Tien geboden voor de omgang van de kerk met twintigers kunnen nuttig zijn. Maar belangrijker zijn de Tien Geboden, door God zelf opgeschreven, door Mozes verkondigd en door Christus geconcretiseerd, voor twintigers en voor iedereen die Hem wil volgen, in leer en leven.

Kerkelijke eenheid – kiezen of delen

Op 1 april zag ik tweets van verschillende christelijke media voorbijkomen. Daarin werd gemeld dat vijf kerken die hun wortels in de Reformatie hebben, op weg zouden zijn naar een nauwere band. De PKN, de Gereformeerde Kerken vrijgemaakt, de Nederlandse Gereformeerde Kerken, de Christelijke Gereformeerde Kerken en de voortgezette Gereformeerde Kerken in Nederland zouden elkaars attestaties aanvaarden en elkaars leden als gastlid toelaten. Bovendien zouden ze hun kansels voor elkaars predikanten openstellen.

Aanvankelijk dacht ik aan een eenaprilgrap, hoewel ik daar niet zeker van was. Het leek me in elk geval geen geslaagde grap, want over bepaalde dingen moet je geen grappen maken. Maar al snel bleek dat van een grap geen sprake was.

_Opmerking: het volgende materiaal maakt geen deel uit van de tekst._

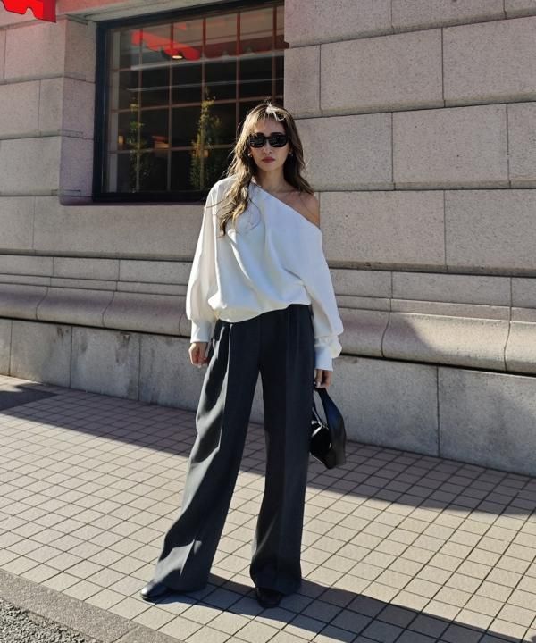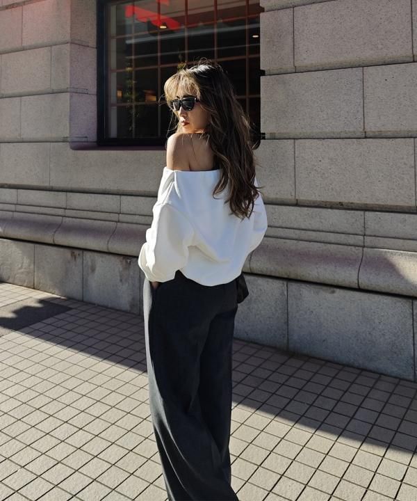 Offshoulder ribbed sleeves tops
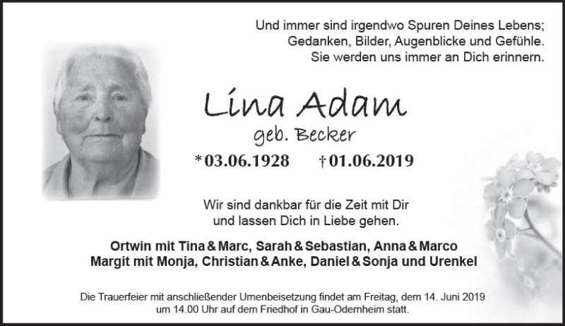 Hier finden Sie alle Traueranzeigen aus der Zeitung, die bisher für Lina Adam erschienen sind. Weitere Traueranzeigen, die in der Zeitung erscheinen, werden hier ebenfalls aufgelistet
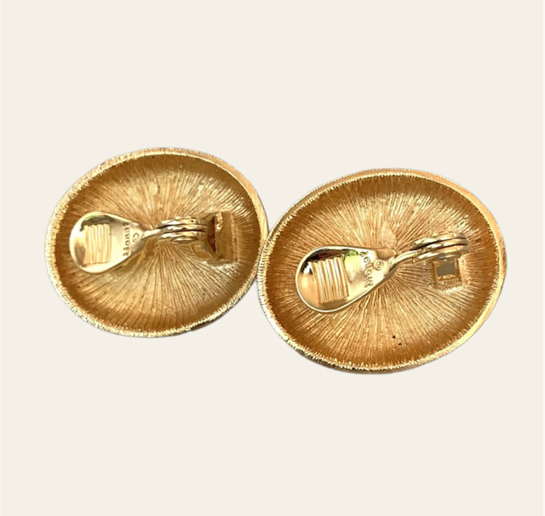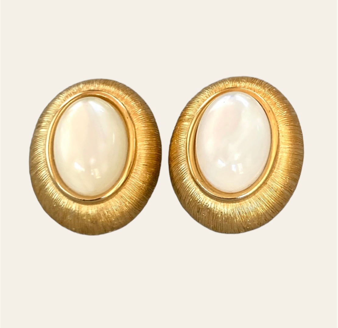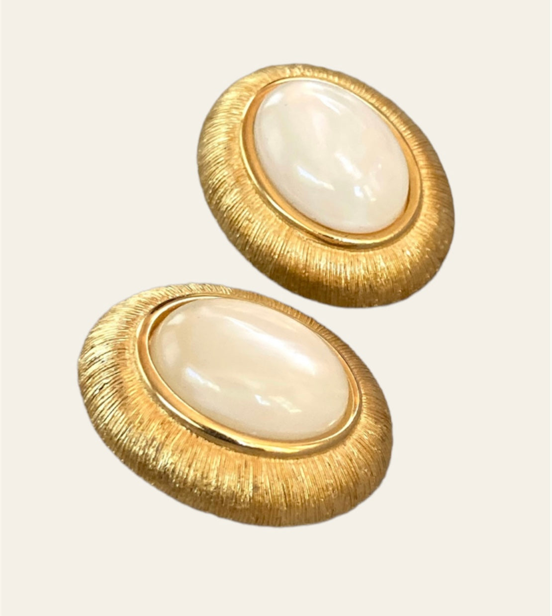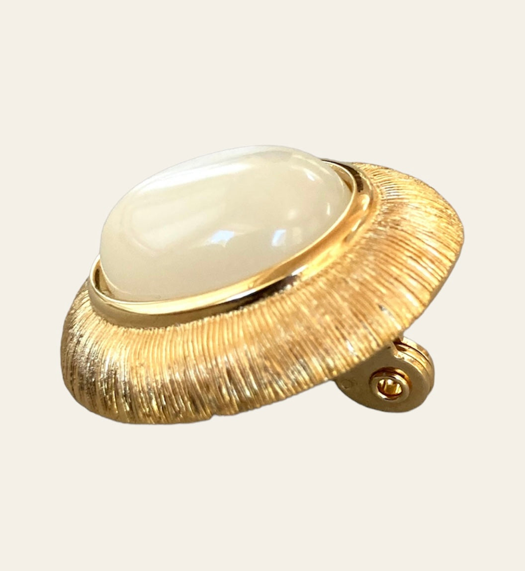 Gold tone metal with a matt finish with a poured glass center in a pearly white collar clip on earrings, and the backs are marked "Monet".

De volgende dag werd dat door een bericht in het Nederlands Dagblad bevestigd en toen was het geen 1 april meer. Maar misschien moeten we dit voorstel bij nadere beschouwing toch wel als een grap beschouwen, maar dan inderdaad wel als een hele slechte.

Overigens is het bericht veel te stellig. “Vijf protestantse kerken zijn van plan ‘bijzondere betrekkingen’ met elkaar aan te gaan: aanvaarding van elkaars (gast)leden en openstelling van elkaars preekstoelen.” Dat is nog maar de vraag: het gaat om voorstellen van deputaten. Vooralsnog zijn hun kerken helemaal niets van plan. De respectievelijke synodes moeten ermee akkoord gaan. Je mag aannemen dat de afgevaardigden hier nog wel iets over willen zeggen. Ik heb nog wel zoveel vertrouwen in het gezond verstand en het kritisch vermogen van op z’n minst een aantal afgevaardigden van vooral GKV en CGK dat ik me niet kan voorstellen dat deze voorstellen enthousiast omarmd zullen worden.

Laten we eens naar die voorstellen kijken.

Het eerste voorstel behelst het aanvaarden van attestaties uit de andere betrokken kerken. In christelijke kerken wordt met attestaties niet op dezelfde manier omgegaan. Als houder van het Kerkelijk Bureau van mijn gemeente krijg ik ook wel eens attestaties uit andere kerken onder ogen, bijvoorbeeld de PKN maar ook een Gereformeerde Gemeente. Daar staat soms helemaal niets op over de ‘geestelijke staat’ van de betrokken persoon. Dat is te begrijpen wanneer het in de desbetreffende gemeente niet de gewoonte is dat ambtsdragers bij hun gemeenteleden op huisbezoek gaan. Hoe kunnen ze dan weten of een broeder of zuster “gezond is in de leer en onbesproken in de wandel”, zoals het op door mijn kerkenraad afgegeven attestaties wordt geformuleerd? Daar staat dan wel altijd bij “voor zover de kerkenraad bekend is”. Maar wanneer nooit een huisbezoek plaatsvindt, reikt die kennis niet ver. Daarmee is een attestatie niet veel meer dan een bewijs van lidmaatschap. Dat maakt het des te onbegrijpelijker dat de notitie van de deputaten van de vijf genoemde kerken zegt: “Er vindt niet eerst nog een apart ‘examen’ naar leer en leven plaats”.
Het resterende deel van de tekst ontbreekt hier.